▶ Supplied information
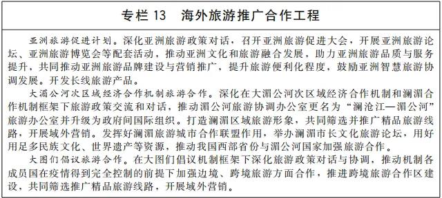 推進粵港澳大灣區(qū)旅游一體化發(fā)展,提升大灣區(qū)旅游業(yè)整體競爭力,打造世界級旅游目的地。深化港澳與內(nèi)地旅游業(yè)合作,創(chuàng)新粵港澳區(qū)域旅游合作協(xié)調(diào)機制,推動資源共享。支持香港旅游業(yè)繁榮發(fā)展,加強內(nèi)地與香港旅游業(yè)在客源互送、宣傳營銷等方面合作。支持香港發(fā)展中外文化藝術交流中心。推動澳門世界旅游休閑中心建設,支持澳門舉辦世界旅游經(jīng)濟論壇、國際旅游(產(chǎn)業(yè))博覽會等,打造以中華文化為主流、多元文化共存的交流合作基地。支持港澳青少年赴內(nèi)地進行游學交流活動。推進海峽兩岸鄉(xiāng)村旅游、旅游創(chuàng)意產(chǎn)品開發(fā)等領域合作,探索海峽兩岸旅游融合發(fā)展新路,讓旅游成為增進中華文化認同、增強中華民族凝聚力的有效途徑。
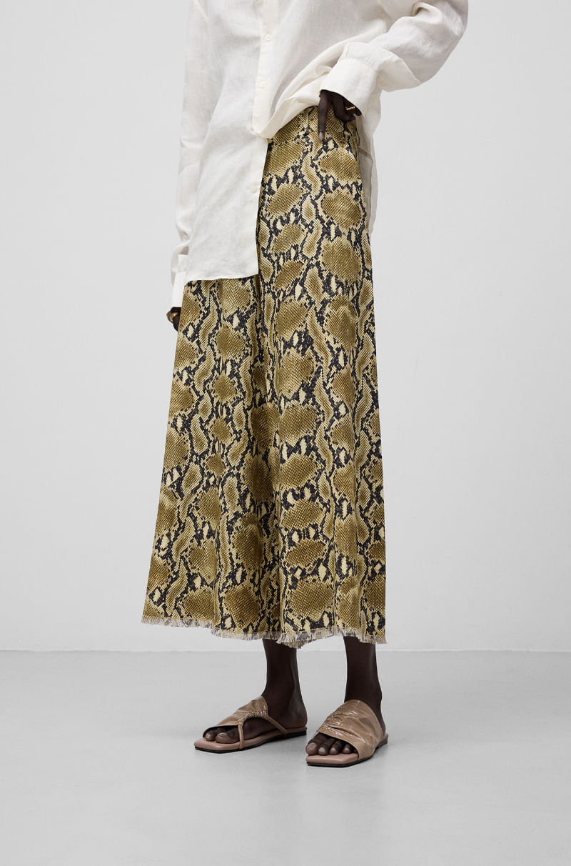 Pantalón cropped serpiente lino mujer
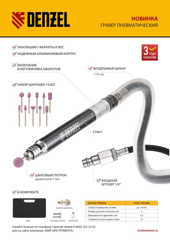Пневматический гравер Дензел PE54000 - это надежный и мощный инструмент, который позволяет производить точную и качественную гравировку на различных поверхностях. Благодаря своей компактности и эргономичному дизайну, этот гравер легко управлять и удобно использовать.
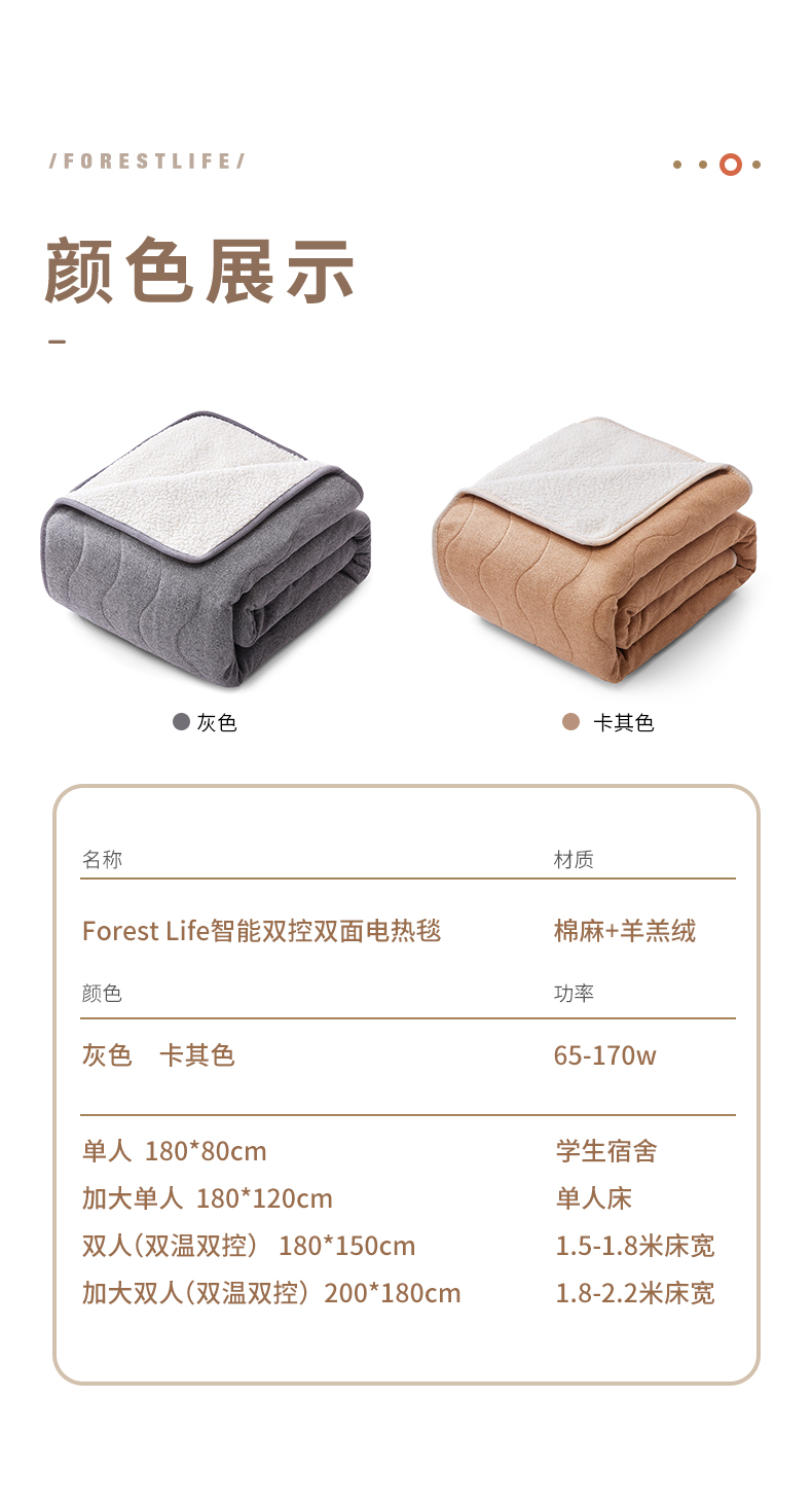 Forestlife 羊羔绒双控电热毯180*150cm[福利品]

▶ Problem to work on
Extract the run of lines from the line holding "Пневматический гравер Дензел" through the final line of the material above, exactly and inclusively. Leave the pictures behind.

▶ Exercise answer
Пневматический гравер Дензел PE54000 - это надежный и мощный инструмент, который позволяет производить точную и качественную гравировку на различных поверхностях. Благодаря своей компактности и эргономичному дизайну, этот гравер легко управлять и удобно использовать.
 Forestlife 羊羔绒双控电热毯180*150cm[福利品]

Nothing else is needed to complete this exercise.